Taxi drivers attacked an Uber car while protesting near Charles-de-Gaulle Airport earlier today — the protesters smashed a window, damaged the car hood and slashed a tire. Rude Baguette first spotted the attack on Twitter. We also confirmed with the passengers and Uber that the incident is very real. Nobody got hurt, but the attack was very violent.
Eventbrite co-founder and CTO Renaud Visage, and Five by Five co-founder Kat Borlongan were the two passengers.
“We are more shaken up than hurt,” Visage told me. “We are still in shock because of how violent the attack was.”
This morning, hundreds of taxi drivers were protesting near Paris airports against urban transportation services, such as Uber, LeCab, Chauffeur-Privé, Drive, Snapcar and Allocab. They demand a series of laws due to unfair competition — in France, you have to pay a hefty price to get your taxi license.
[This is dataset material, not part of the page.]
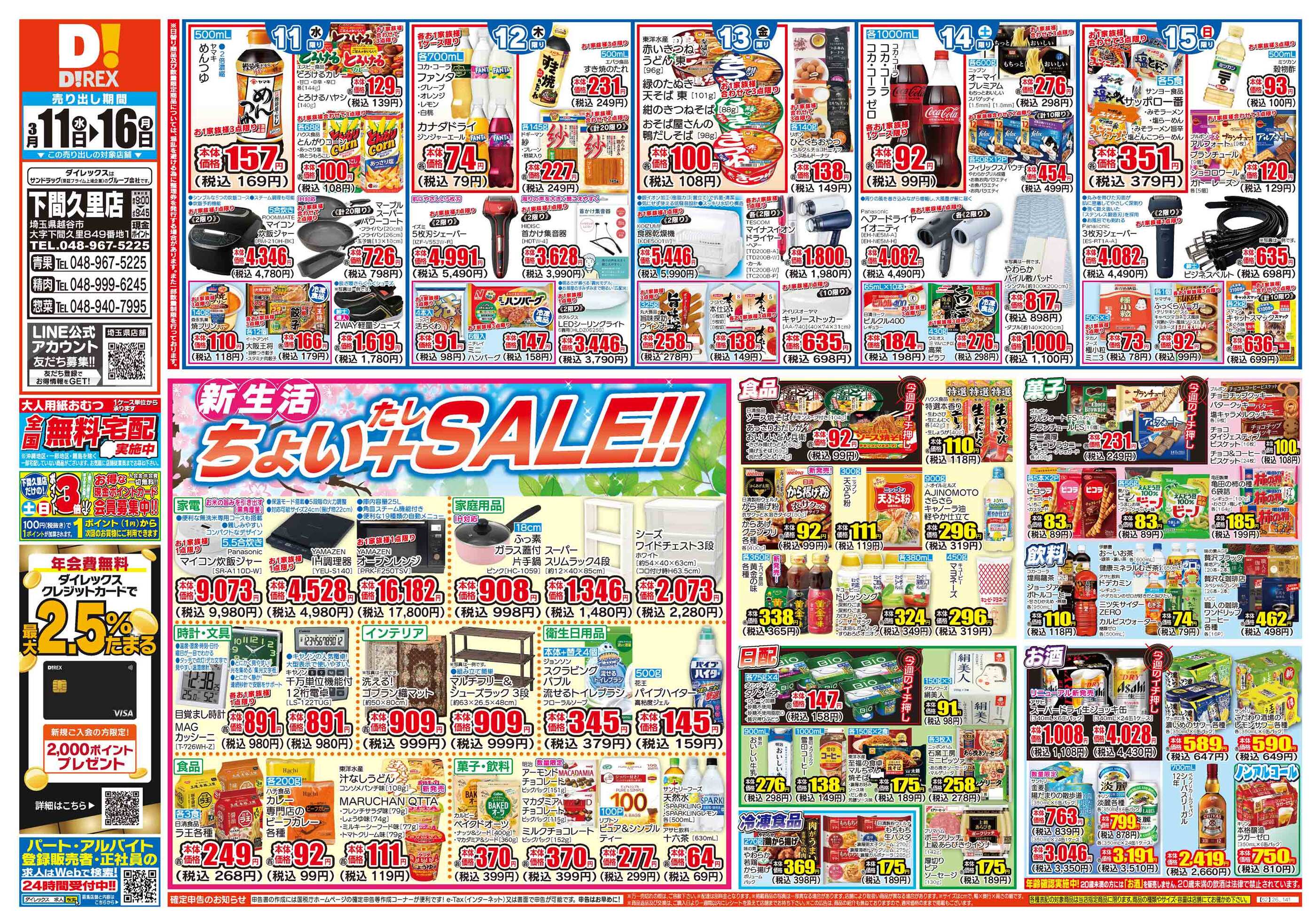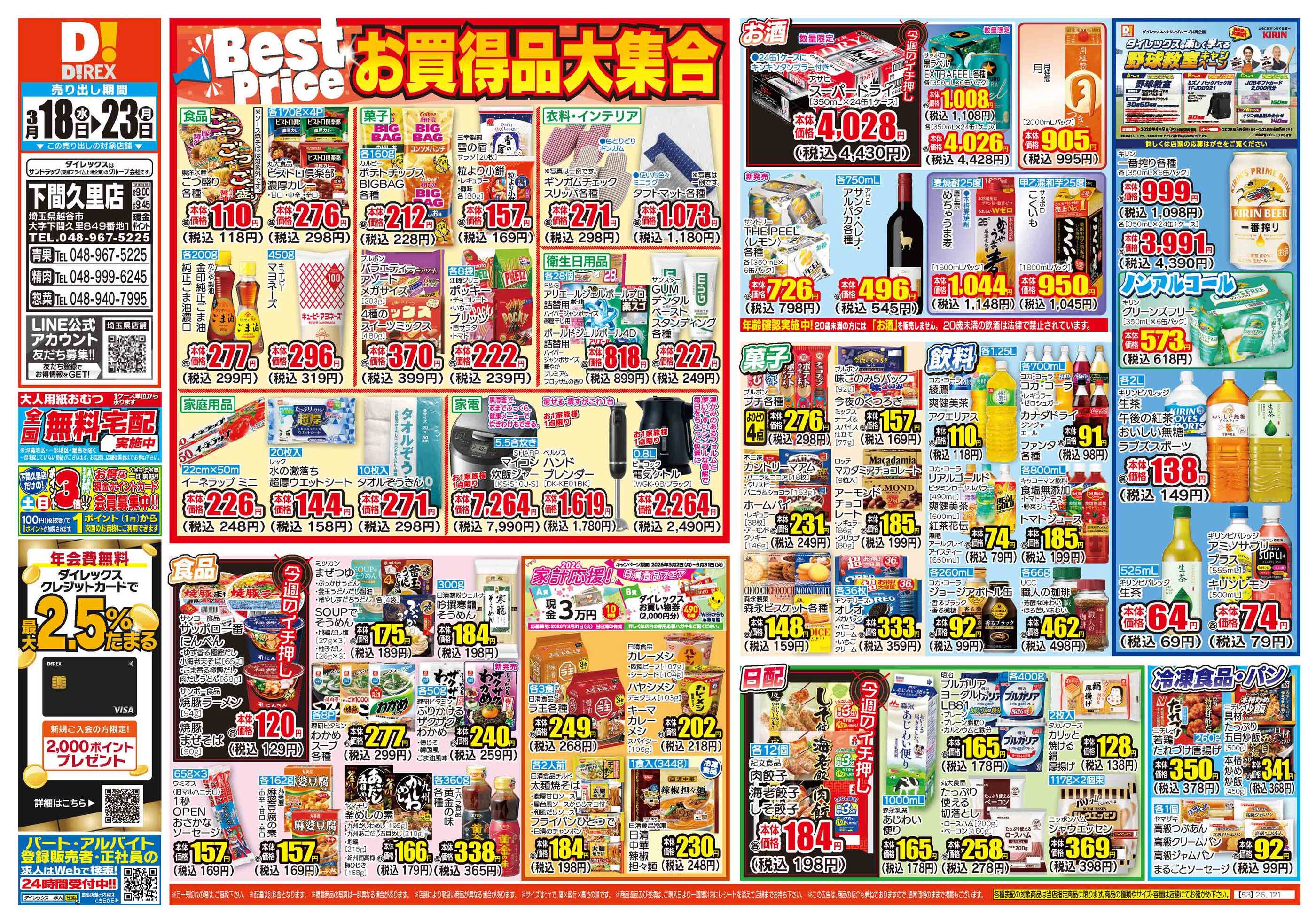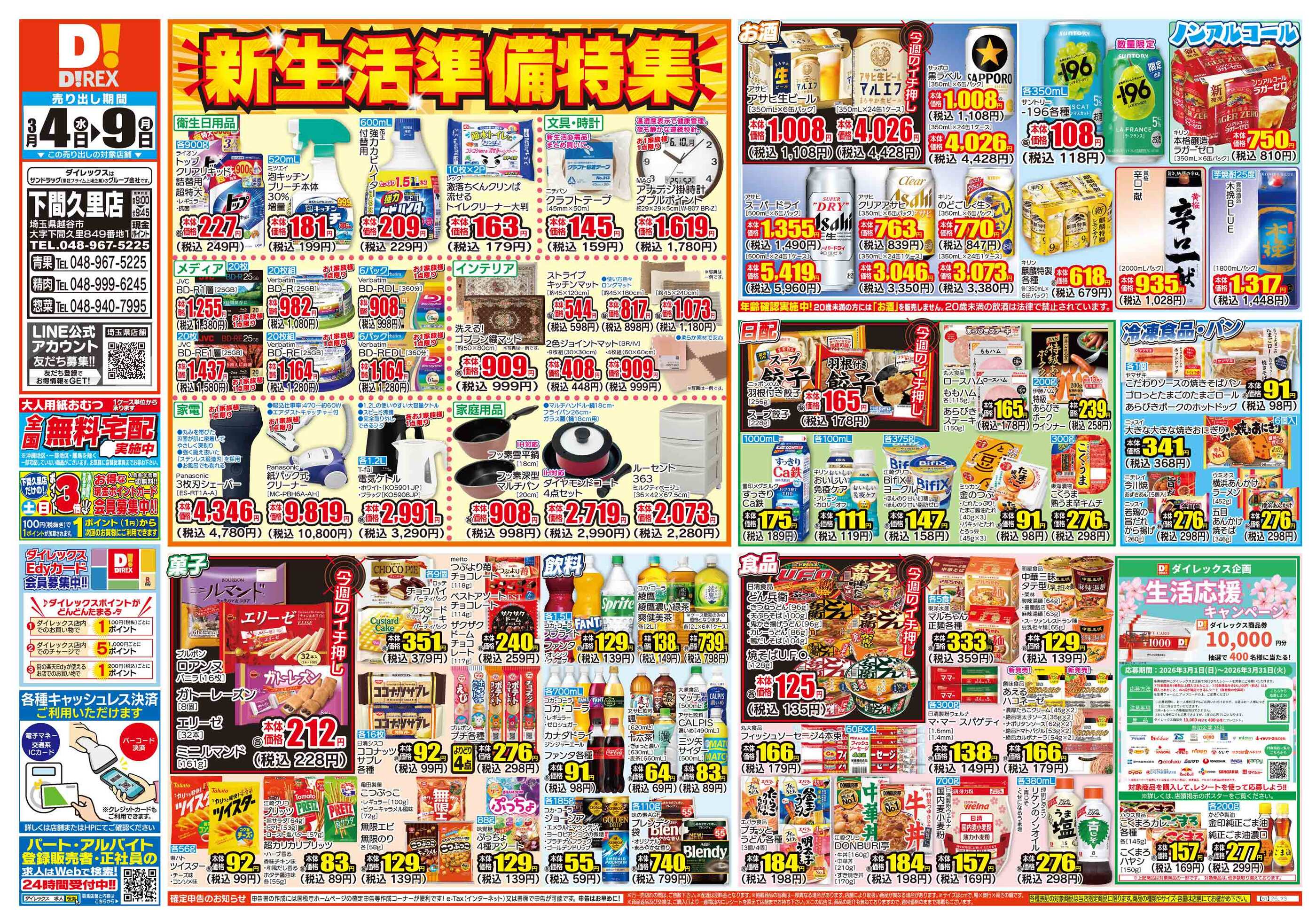 ダイレックス下間久里店今週のチラシ(2026年3月23日〜3月29日)

According to them, being a black car driver is much more lucrative than being a taxi driver, and the government should address that.
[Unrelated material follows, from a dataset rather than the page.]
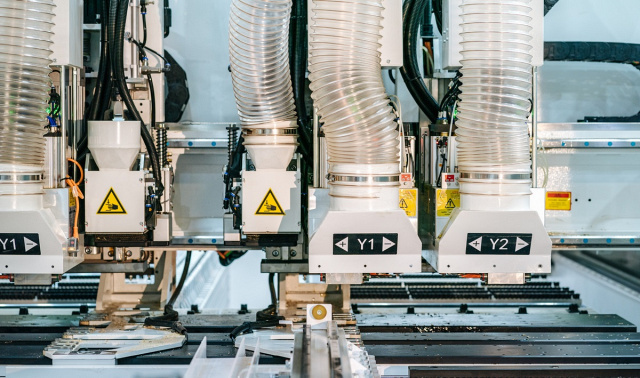 Благодаря синхронизированной системе вертикальных независимых пневматических прижимов, обрабатываемые детали надежно фиксируются в рабочей зоне станка во время цикла сверления. Это гарантирует высокую точность при сверлении в пласть, даже в случаях, если детали имеют изогнутую форму из-за внутренних напряжений в материале. При сверлении деталей в торцы, при выборке пазов, а также при фрезерных обработках, когда во время обработки происходит движении детали – используются пневматические роликовые прижимы, которые также надежно прижимают детали, при этом сохраняя возможность её перемещения.

“We were on a freeway with cabs parked on the left, blocking the roads. And on the right, there were a few cops,” Borlongan told me. “They made roadblocks and only targeted transportation service cars like the Uber car we were in,” Visage said.
When the Uber car came close to the taxi drivers, they started throwing paint at the car and tried to open a door. “Luckily, the driver had locked the doors,” Visage said. Yet, they still smashed a window in order to grab the passengers. Protesters stopped other black cars too, but it is unclear whether the other incidents were as violent.
A couple of miles later, the car had to stop because one tire was slashed in the attack. The driver changed the flat tire so he could safely drive the two passengers to Paris.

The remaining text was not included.